Die richtige Strategie für mobile ERP
Wer die Einführung von Mobile ERP im Unternehmen plant, kommt nicht daran vorbei, die Geschäftsprozesse im Unternehmen zuvor gründlich zu analysieren, bevor er Funktionen des ERP-Systems in mobile Apps „auslagert“. Hier müssen Rollenkonzepte entwickelt und einstudiert werden, damit Mobile ERP einen echten Nutzen bringt und nicht bloß eine Art Spielerei im Sinne von „Nice to have“ bedeutet. Für klein- und mittelständische Unternehmen bedeutet es unter Umständen eine große Herausforderung, weil eingefahrene Abläufe aufgebrochen und neu zu strukturieren sind. Hier sind naturgemäß auch Widerstände zu erwarten. Die umfassende Planung der Mobile Strategie zahlt sich in jedem Fall aus. Insellösungen mit einzelnen ERP-Apps später zu einem harmonischen und reibungslosen Ganzen zusammenzufügen, wird mit der Zeit immer aufwendiger. Das Management von KMUs ist daher gut beraten, schon frühzeitig auf eine ganzheitliche umfassende strategische Lösung zu setzen.
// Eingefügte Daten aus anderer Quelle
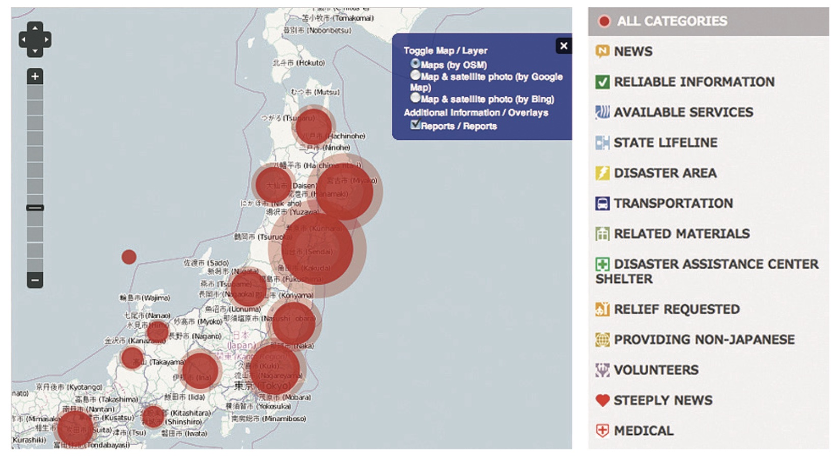 Screenshot van de crisiskaart van het door tsunami getroffen Japan met daarin de locaties van ramp en hulp, zoals beschreven in de tekst (bron: Ushahidi, 2010)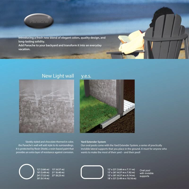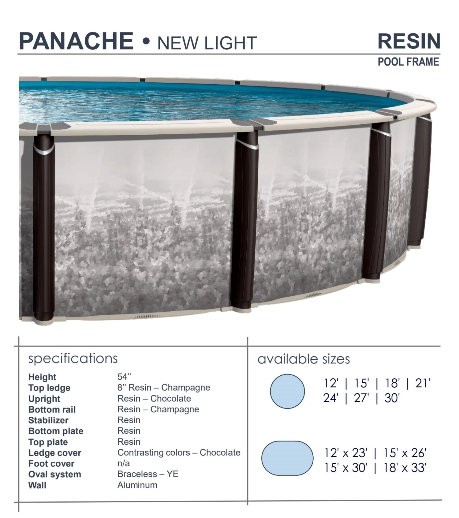 Introducing a fresh, new blend of elegant colors, quality design and durability. Add this Panache 54″ Resin Above Ground Swimming Pool to your backyard and transform it into an everyday vacation. Innovative resin injection molding makes this an eye-catching addition to any yard. The revolutionary resin design means fewer parts and easier installation.

Sicherheit von mobilen ERP Lösungen
Das Thema Datensicherheit spielt nicht nur beim Zugriff auf das ERP System im Unternehmen und bei Cloud ERP eine wichtige Rolle, sondern auch beim Einsatz von mobilen ERP Lösungen. Hierbei sind verschiedene Aspekte relevant. Neben dem Schutz gegen unberechtigten Zugriff über sichere Passwörter ist auch die sichere Verschlüsselung während der Datenübertragung ein Thema, das bei mobile ERP zu lösen ist. Es kommt aber noch ein weiterer Aspekt hinzu und der betrifft Vorkehrungen gegen den möglichen Verlust eines Mobilgeräts. Sofern nur über gesicherte Internetverbindungen auf Daten des ERP-Systems zugegriffen werden kann, ist ein Verlust keine Katastrophe. Besonders problematisch ist es jedoch, wenn mit dem Gerät auch offline gearbeitet wird und Daten lokal gespeichert werden. Zumeist ist das bei mobilen ERP-Apps der Fall, die schrittweise entwickelt und über Schnittstellen mit älteren ERP-Systemen verbunden wurden. Hier empfiehlt es sich, die Geräte im Rahmen einer Mobile-Device-Management-Lösung über PIN-Codes, die bei jedem Aufruf einer ERP-App einzugeben sind, zu sichern. Eine Funktion zur Löschung von Daten per Fernzugriff auf das Mobilgerät ist bei diesen Lösungen in aller Regel verfügbar.